A sound collection and reproduction program that collects area sounds of all divided areas in a space using a plurality of microphone arrays arranged in the space and reproduces three-dimensional sound,
Computer
A microphone array selection unit that selects the microphone array necessary for sound collection in each area in the space;
Using the microphone array for each area selected by the microphone array selection unit, an area sound collection unit that collects the entire area;
Of the area sounds collected by the area sound collection unit, the area sound of the area corresponding to the designated listening position and the area sounds of the surrounding area according to the listening direction are set in the sound reproduction environment. Area sound selection section to select according to,
An area volume adjustment unit that adjusts the volume of each area sound selected by the area sound selection unit according to the distance from the designated listening position;
A sound collecting / reproducing program that causes each area sound whose volume is adjusted by the area volume adjusting unit to function as a three-dimensional sound processing unit that performs a three-dimensional sound process using a transfer function corresponding to a sound reproduction environment.
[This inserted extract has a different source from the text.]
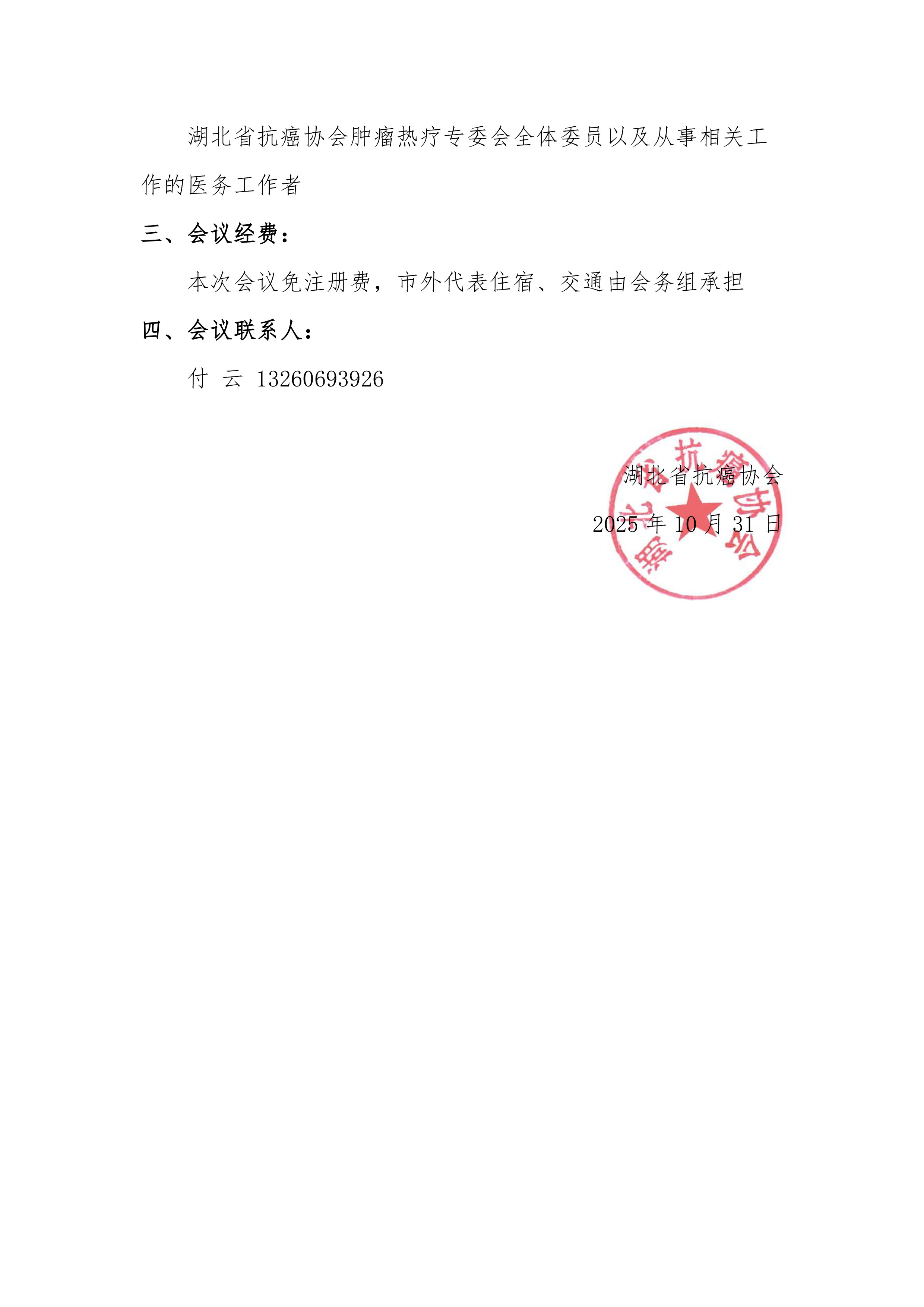 湖北省抗癌协会肿瘤热疗专业委员会2025年度学术会议通知

A sound collection system for collecting area sounds of all divided areas in a space using a plurality of microphone arrays arranged in the space,
A microphone array selection unit that selects a combination of the microphone arrays necessary for sound collection in each area in the space;
A sound collection system comprising: an area sound collection unit that collects all areas using a combination of the microphone arrays for each area selected by the microphone array selection unit.

A reproduction system that collects area sounds of all divided areas in a space using a plurality of microphone arrays arranged in the space and reproduces three-dimensional sound,
An area sound selection unit that selects an area sound of an area corresponding to the designated listening position and an area sound of an area around the area according to the listening direction among the area sounds of all the areas according to the sound reproduction environment; ,
An area volume adjustment unit that adjusts the volume of each area sound selected by the area sound selection unit according to the distance from the designated listening position;
A reproduction system comprising: a stereophonic sound processing unit that performs stereophonic sound processing on each area sound whose volume is adjusted by the area sound volume control unit using a transfer function corresponding to a sound reproduction environment.